Meshkat Marzieh, Mesrian Tanha Hamzeh, Ghaedi Kamran, Meshkat Mahboobeh
Department of Biology, Division of Cellular and Molecular Biology, Nourdanesh University of Meymeh, Meymeh, Isfahan, Iran.
J Genet. 2018 Dec;97(5):1307-1313.
Some of the single-nucleotide polymorphisms in miRNA genes have been studied to date to find their association with the risk of breast cancer (BC). However, no study has been conducted to investigate the association of the rs75598818G>A in BC. In the present study, rs75598818 association with BC in an Iranian population has been investigated, and an analysis was performed to predict the function of rs75598818 polymorphism in BC. The rs75598818 was genotyped in 129 BC patients and 144 healthy women, using the PCR-RFLP method. The frequency of alleles and genotypes were considered to find the associations between rs75598818 alleles/genotypes, and BC risk and pathological characteristics of the patients. Statistical analysis showed that the rs75598818 GA genotype was significantly associated with BC (GA versus GG, OR=0.50, 95% CI: 0.25-0.98, =0.041), highstage BC (stage III/IV versus I/II, GA versus GG, OR=0.27, 95% CI: 0.09-0.81, =0.015), and HER-2 positive status (GA versus GG, OR=19.00, 95% CI: 4.64-77.82, <0.001). Notably, the rs75598818 GA genotype has a negative association pattern since it reduces the risk of BC and high stage BC. Conversely, it increases the risk of HER-2 positivity. Computational results suggested that the rs75598818 polymorphism affects the stability of stem-loop and as a result -3p production that is a potential tumour suppressor. A contribution of the rs75598818 polymorphism to BC had been unexplored before. In the present study, we performed an association study and a bioinformatics approach to evaluate this polymorphism in BC. However, further functional experiments and large-scale association studies with various ethnicities are required to elaborate our findings.

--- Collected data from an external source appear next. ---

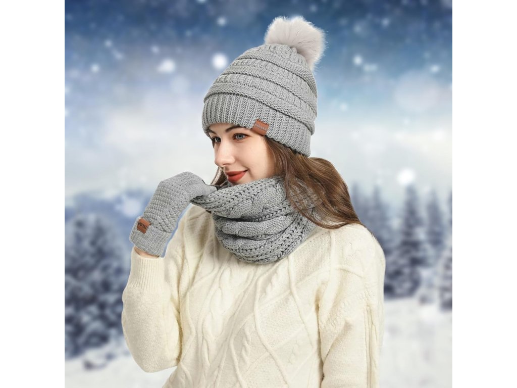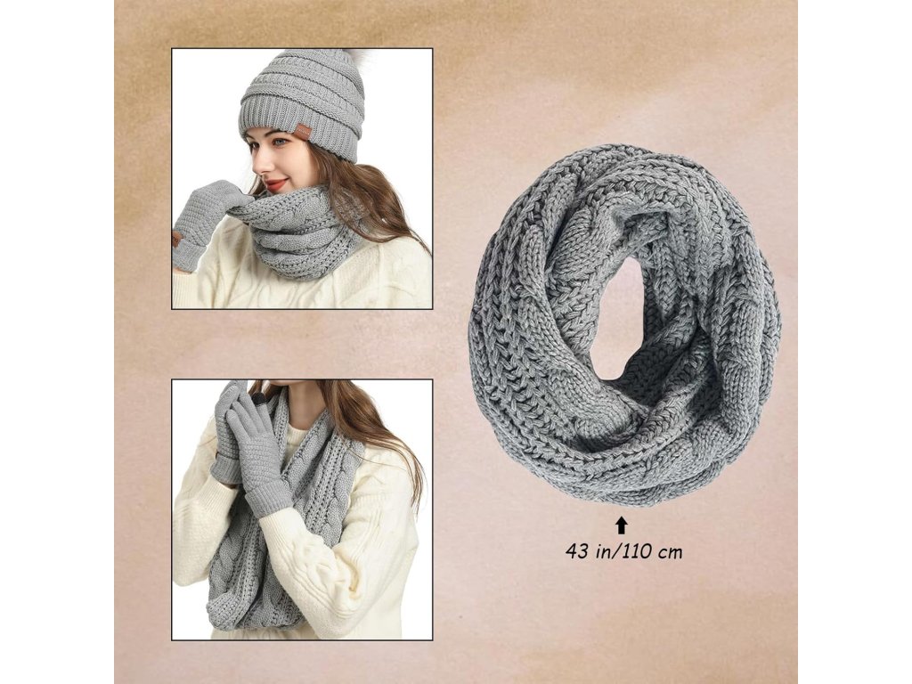 Tato dámská zimní sada 5 v 1 nabízí kompletní ochranu před chladem. Pletená čepice s bambulí a šála jsou vyrobeny ze silného, měkkého akrylu, který poskytuje teplo a pohodlí. Elastický úplet dobře přiléhá k hlavě i krku a pomáhá chránit před studeným větrem.
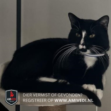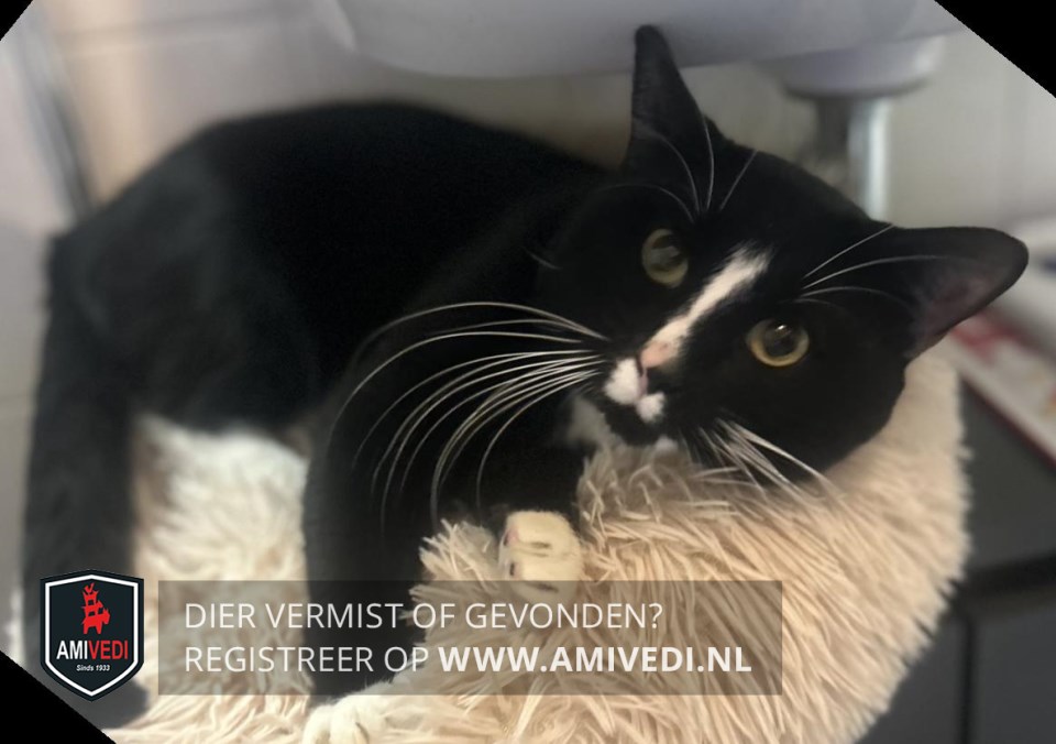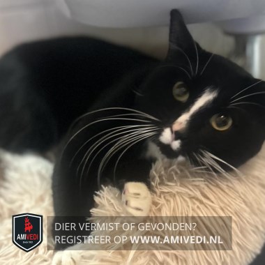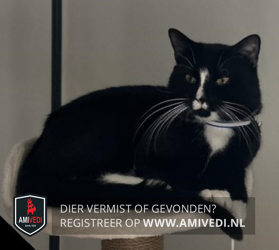 | Signalement | Zwart wit Witte lijn vanaf het voorhoofd over en tot het einde van de neusbrug, op de neusspiegel een roze vertikaal streepje rechts op de neus, wit snorretje, zwarte kin, witte vlek op de borst, witte voetjes voor, witte buik, witte sokjes achter. |
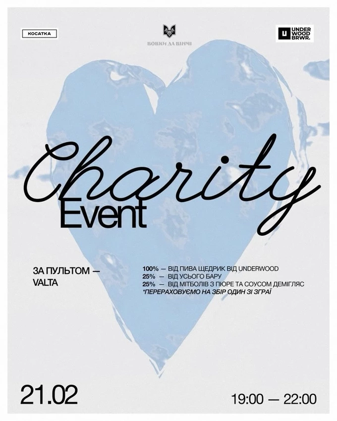 Кафе «Косатка» долучається до збору «Один зі зграї» на потреби бійців батальйону «Вовки Да Вінчі». Протягом вечора гроші збиратимуть на барі та кухні. На збір перераховуватимуть 100% від продажів пива «Щедрик», 25% від усього бару і 25% від мітболів із пюре та соусом демігляс.
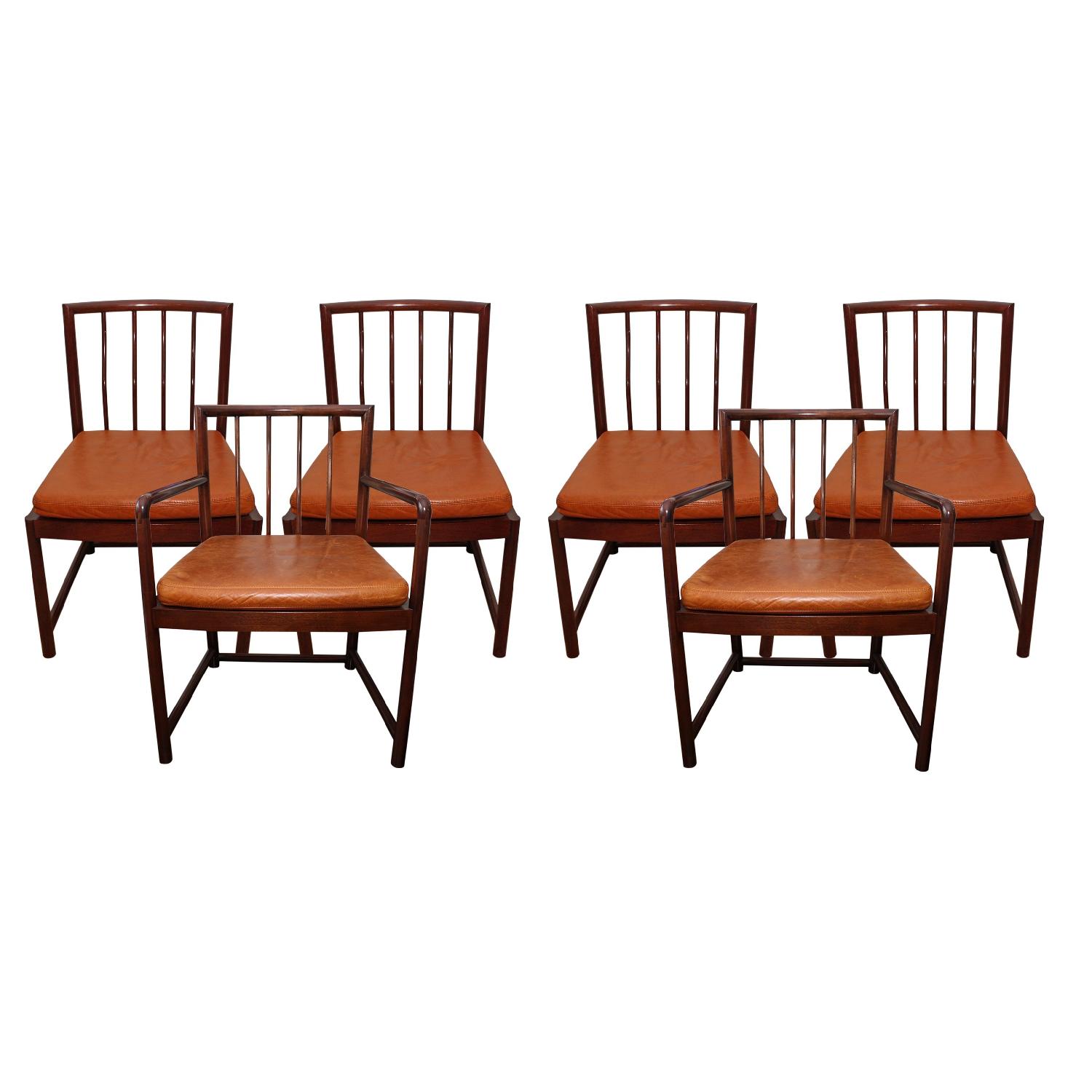 Seller's Notes:Additional Dimensions: Seat Height: 19" Arm Height: 27" This handsome set of chairs upgrades any dining room. Made by luxury furniture brand Bolier & Company and curated by noted designer Drew McGukin, each chair features a well-crafted wooden frame with tobacco-hued attached leather cushions. The set of six includes two armchairs and four side chairs.
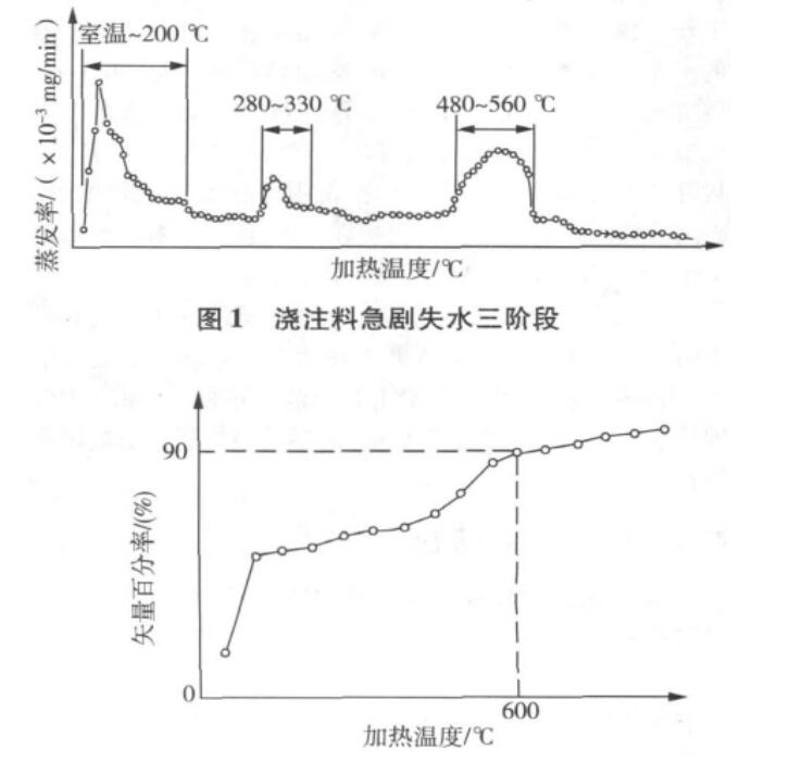 由以上的脫水反應方程式看出,水泥中的石水化合物和骨料中的結合水的脫水溫度與澆注料急劇失水階段
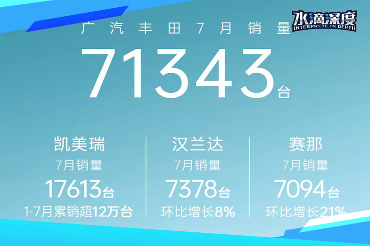 广汽丰田7月销量为71,343辆,前7个月旗舰车型占比超40%。根据官方数据显示,凯美瑞7月销量为17,613辆,1-7月累计销售超12万辆。汉兰达7月销量7,378辆,环比增长8%;赛那销量7,049辆,环比增长21%。

迄今为止,已对一些微小RNA(miRNA)基因中的单核苷酸多态性进行了研究,以探寻它们与乳腺癌(BC)风险的关联。然而,尚未开展研究来调查rs75598818G>A与BC的关联。在本研究中,调查了伊朗人群中rs75598818与BC的关联,并进行了分析以预测rs75598818多态性在BC中的功能。采用聚合酶链反应-限制性片段长度多态性(PCR-RFLP)方法对129例BC患者和144名健康女性的rs75598818进行基因分型。通过分析等位基因和基因型频率,以找出rs75598818等位基因/基因型与BC风险及患者病理特征之间的关联。统计分析表明,rs75598818的GA基因型与BC显著相关(GA与GG相比,比值比[OR]=0.50,95%置信区间[CI]:0.25 - 0.98,P=0.041)、与晚期BC相关(III/IV期与I/II期相比,GA与GG相比,OR=0.27,95% CI:0.09 - 0.81,P=0.015),以及与HER-2阳性状态相关(GA与GG相比,OR=19.00,95% CI:4.64 - 77.82,P<0.001)。值得注意的是,rs75598818的GA基因型呈现负相关模式,因为它降低了BC和晚期BC的风险。相反,它增加了HER-2阳性的风险。计算结果表明,rs75598818多态性影响茎环的稳定性,从而影响作为潜在肿瘤抑制因子的-3p的产生。此前尚未探索rs75598818多态性对BC的作用。在本研究中,我们进行了关联研究和生物信息学方法来评估BC中的这种多态性。然而,需要进一步的功能实验以及不同种族的大规模关联研究来阐明我们的发现。